Il suo più grande merito, ma anche il suo più grande limite, è stato quello di riconoscere in Chris Paul doti di leader che in un ventenne trovi una volta ogni 50 anni di NBA. Azzeccandoci, peraltro, perchè questi Hornets più che la squadra di Scott, sono la squadra di Chris Paul. E in questo senso non c’è nulla di più esemplificativo che vedere i calabroni all’opera. Completamente dipendenti dal numero 3, senza un gioco ben definito, se non affidarsi al pick&roll tra Paul e Chandler (che deve almeno metà dei suoi punti proprio agli assist del playmaker) o sempre e comunque al genio del piccoletto, capace di mettere in ritmo pure i morti.
Ne sa qualcosa Stojakovic che non ha mai tirato da tre con percentuali tanto alte.
Dimostrazione che si vive e si muore con gli assist di Paul è il fatto che tra le vittorie e le sconfitte la sua produzione punti rimane molto simile, mentre nelle L distribuisce più di 3 assist in meno.
Questo però se da un punto di vista è da considerarsi come merito di Scott, quello di aver capito che la scelta giusta era dare la squadra in mano al suo fenomenale playmaker, da un altro dimostra come tatticamente rimanga un coach con numerosissimi limiti. E’ storia nota la sua presunta inettitudine in questioni tattiche, fin dai tempi dei Nets quando si diceva che l’artefice delle vittorie della squadra finalista NBA fosse Eddie Jordan, il suo secondo, piuttosto che lui.
L’altro motivo per cui mi sento di muovere alcuni capi d’accusa a Scott è quello che poi ci ha ricollegato al discorso panchina. Cioè l’utilizzo dei due giovani della squadra.
E’ un dato di fatto che in questi anni Scott non ha dimostrato una particolare simpatia verso i giocatori inesperti. Il caso Paul non va preso in considerazione, visto che stiamo parlando di persone umane e non extraterrestri. Armstrong e Wright sono solo gli ultimi in ordine di tempo ad aver dovuto patire panchinamenti improvvisi. La lista di nomi è formata da giocatori come JR Smith (con il quale peraltro litigava un giorno sì e l’altro pure, ma va detto che relazionarsi con il vuoto pneumatico di JR non dev’essere stato facile), Kirk Snyder, Cedric Simmons (anche se lui poveretto al momento è già tanto che riesca a giocare, vista la miriade di infortuni a cui è continuamente sottoposto) e Brandon Bass. Proprio quest’ultimo nome dovrebbe far pensare, visto che è passato dai DNP a New Orleans al 9+6 a Dallas.
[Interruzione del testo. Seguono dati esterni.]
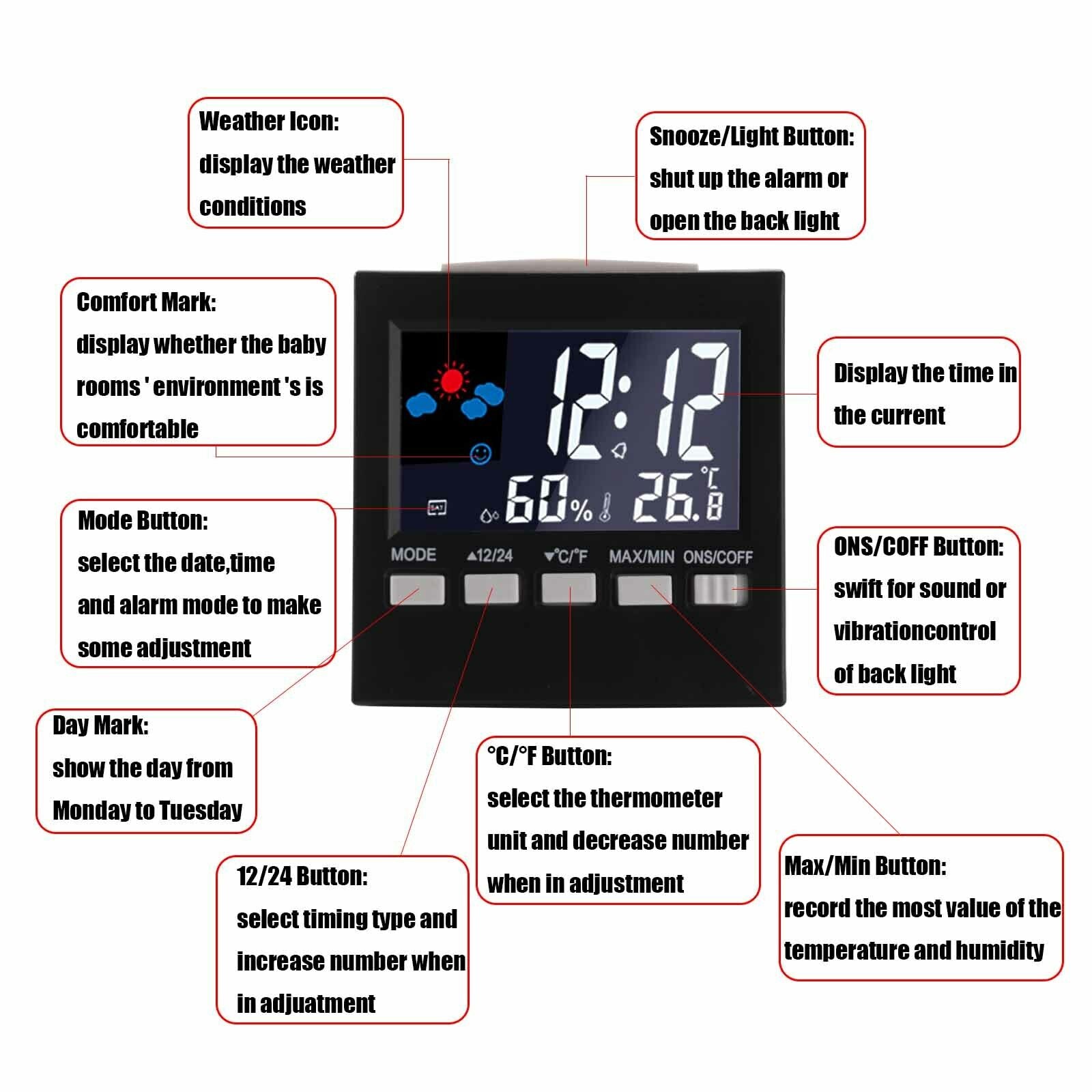 Features: 12 Hour Display, 24 Hour Display, Humidity Display, LED Display, Night Light, Snooze Function, Temperature Display

Il problema è che se parlassimo di una panchina profonda la questione non si porrebbe nemmeno. Ma se i giocatori a cui Wright e Armstrong devono fare spazio sono Bowen ed Ely, la critica è d’obbligo.
Insomma, dopo questo lungo sproloquio mi odierete, perchè sono riuscito a lamentarmi della sorpresa della stagione.
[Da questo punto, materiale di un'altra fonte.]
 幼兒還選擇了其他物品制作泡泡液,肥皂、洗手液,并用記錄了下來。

Non potrebbe esserci appassionato più felice del sottoscritto, per i risultati attuali, ma è insito nel tifoso medio il gene dell’insoddisfazione, che porta a vedere il bicchiere mezzo vuoto piuttosto che mezzo pieno. E quello che ho scritto sopra è certo una visione esagerata della situazione, ma non errata. Potrebbe sembrare il delirio di un pazzo, ma in realtà sono questioni ben presenti e dibattute a più riprese.
Questo non toglie la stagione straordinaria che tutti stanno facendo, l’augurio è che, aldilà di tutte queste facezie, aprile per una volta tanto sia il più lungo possibile, per questi sorprendenti Hornets.